- [Exercise directions] Return only the lines from the top of the data down to the one that holds "We conclude the", both included, without any pictures.

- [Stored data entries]
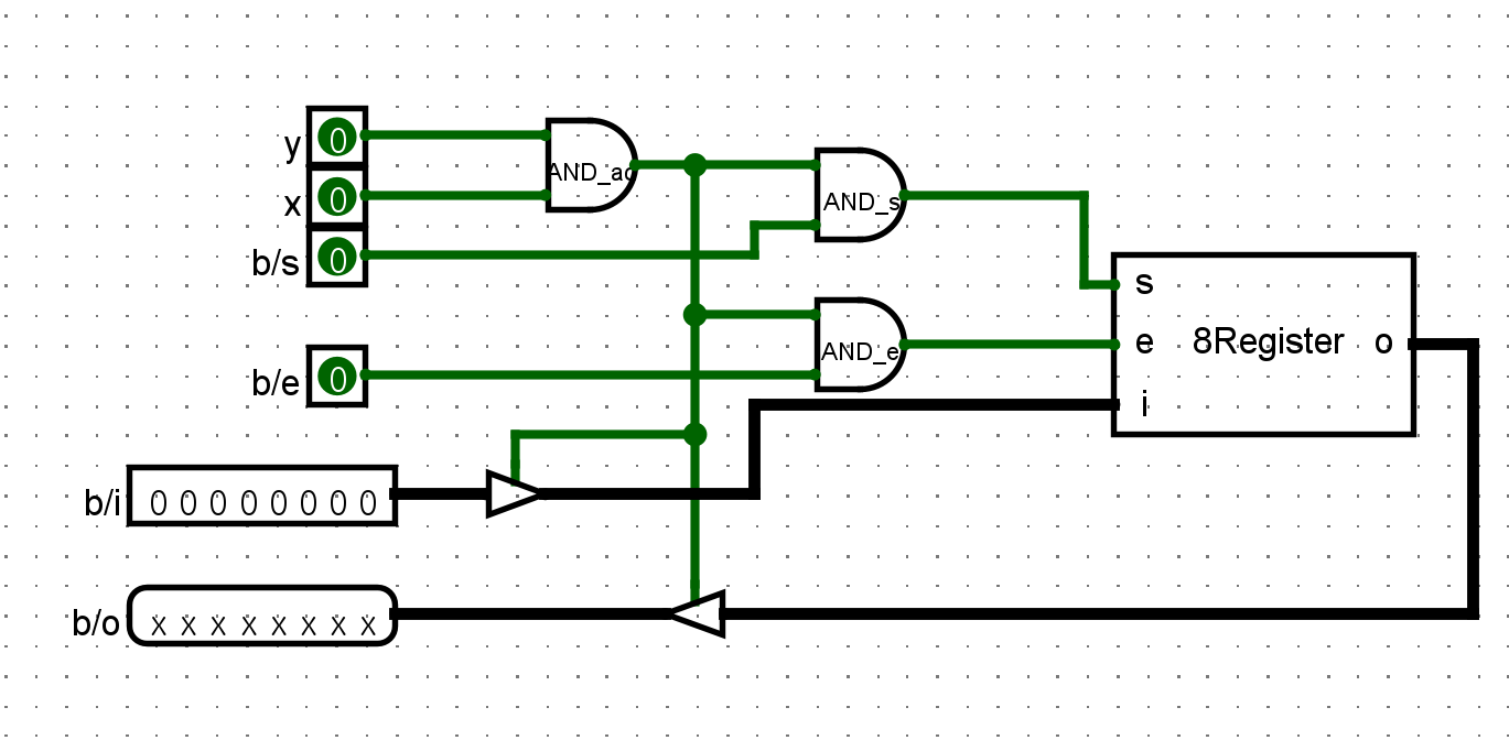 y와 x로 address를 받고 set을 통해서 레지스터의 set을 활성화 해준다. 이로써 b의 input은 입력된 값을 전달하고 b의 Enabler를 통해서 output의 결과가 전달된다. 이의 구조를 통해서 우리가 배운 Decoder와 Register,RAM으로 256개의 1RAM을 구성하고 있는 256RAM을 구성할 수 있다. 크기가 큰 만큼 제작하는데 시간이 많이 소요되어서 해당 강의 미리 준비된 학습자료를 통해 256RAM을 활용하였다.
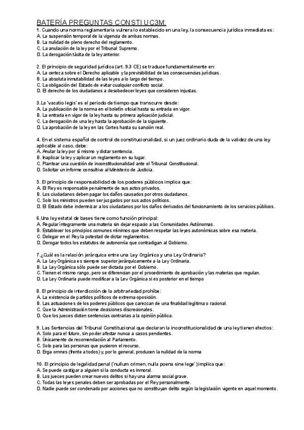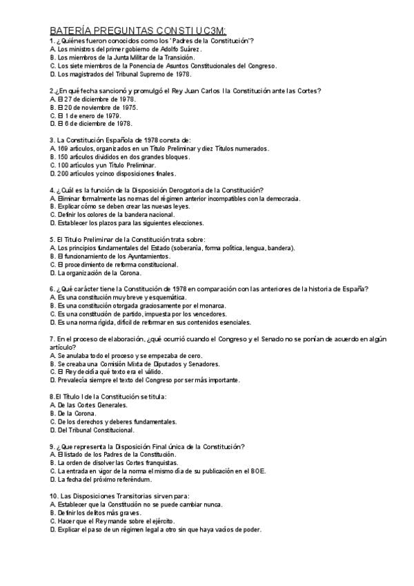 BATERÍA PREGUNTAS CONSTI UC3M - Con y sin respuestas - 2025/2026 - DADE Bilingue
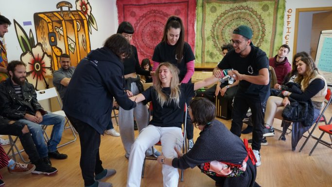We conclude the afternoon session with an activity in couples in which we could work the trust of the partner. It was amazing and we created incredible interviews! After that, we presented the secret friend game and explain some logistical aspects about the accomodation!!
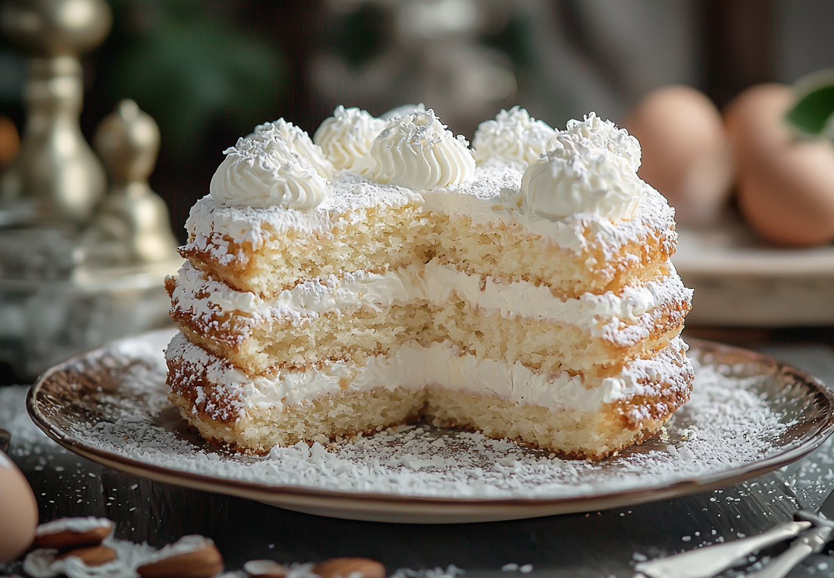 Рецепт: в миске смешайте яйца и сахар, взбейте до пены. Добавьте кефир, масло, соль, разрыхлитель и кокосовую стружку. Постепенно всыпьте муку, замесите жидкое тесто. Вылейте в форму (20–22 см), застеленную пергаментом. Выпекайте в разогретой до 180 °C духовке 35–40 минут. Бисквит остудите, разрежьте на 3 коржа.
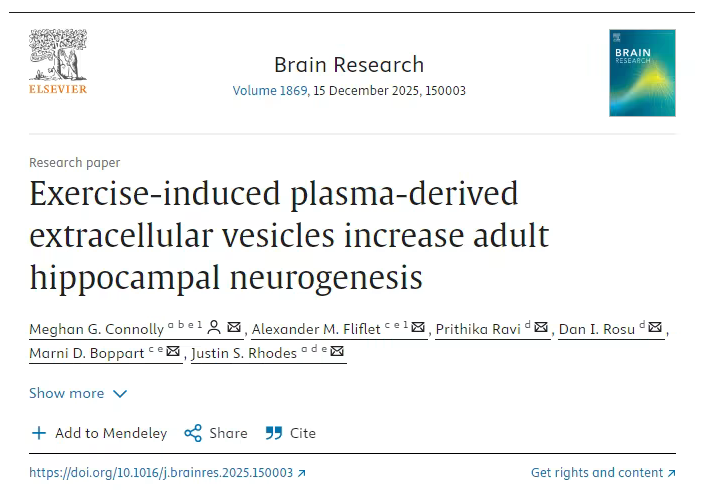 最近,发表在国际杂志《Brain Research》上的一项研究,为 “运动健脑” 提供了全新解决方案!来自伊利诺伊大学等机构的科学家们发现,从运动小鼠血液中提取的细胞外囊泡(ExerVs),注射进久坐不动的小鼠体内后,竟能使其大脑海马体新生神经元增加约 50%,这一发现不仅揭开了运动健脑的深层机制,更为认知障碍治疗开辟了无创新路径。
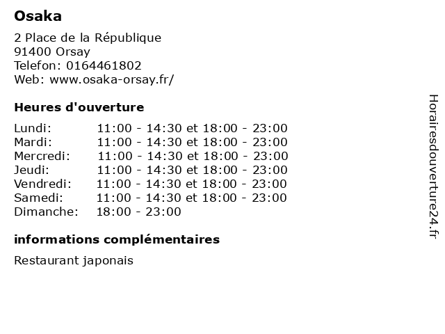 | Samedi | 11:00-14:30 et 18:00-23:00 |
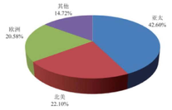 亚太地区工业氢气生产量居全球首位,北美地区紧随其后(图 4)。2017 年亚太地区工业氢气的生 产规模为1 071.36 亿美元,北美为555.80亿美元,而欧洲则为 517.57 亿美元。中国和印度等亚太发展中国家经济快速增长,由此带来了亚太地区对氢能等清洁能源的强劲需求。
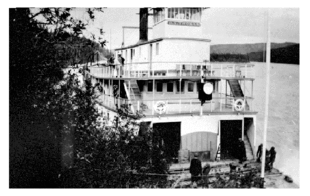 The first motorized vessel on the Peace system was the SS Grahame, built by the Hudson's Bay Company in Fort Chipewyan in the winter of 1882–83.[1] She carried freight 200 miles (320 km) up the Peace to Vermilion Chutes, where the company's goods were portaged around the rapids and reloaded into a flotilla of scows and canoes for the journey onward."

- [Solution for this problem]
 y와 x로 address를 받고 set을 통해서 레지스터의 set을 활성화 해준다. 이로써 b의 input은 입력된 값을 전달하고 b의 Enabler를 통해서 output의 결과가 전달된다. 이의 구조를 통해서 우리가 배운 Decoder와 Register,RAM으로 256개의 1RAM을 구성하고 있는 256RAM을 구성할 수 있다. 크기가 큰 만큼 제작하는데 시간이 많이 소요되어서 해당 강의 미리 준비된 학습자료를 통해 256RAM을 활용하였다.
 BATERÍA PREGUNTAS CONSTI UC3M - Con y sin respuestas - 2025/2026 - DADE Bilingue
We conclude the afternoon session with an activity in couples in which we could work the trust of the partner. It was amazing and we created incredible interviews! After that, we presented the secret friend game and explain some logistical aspects about the accomodation!!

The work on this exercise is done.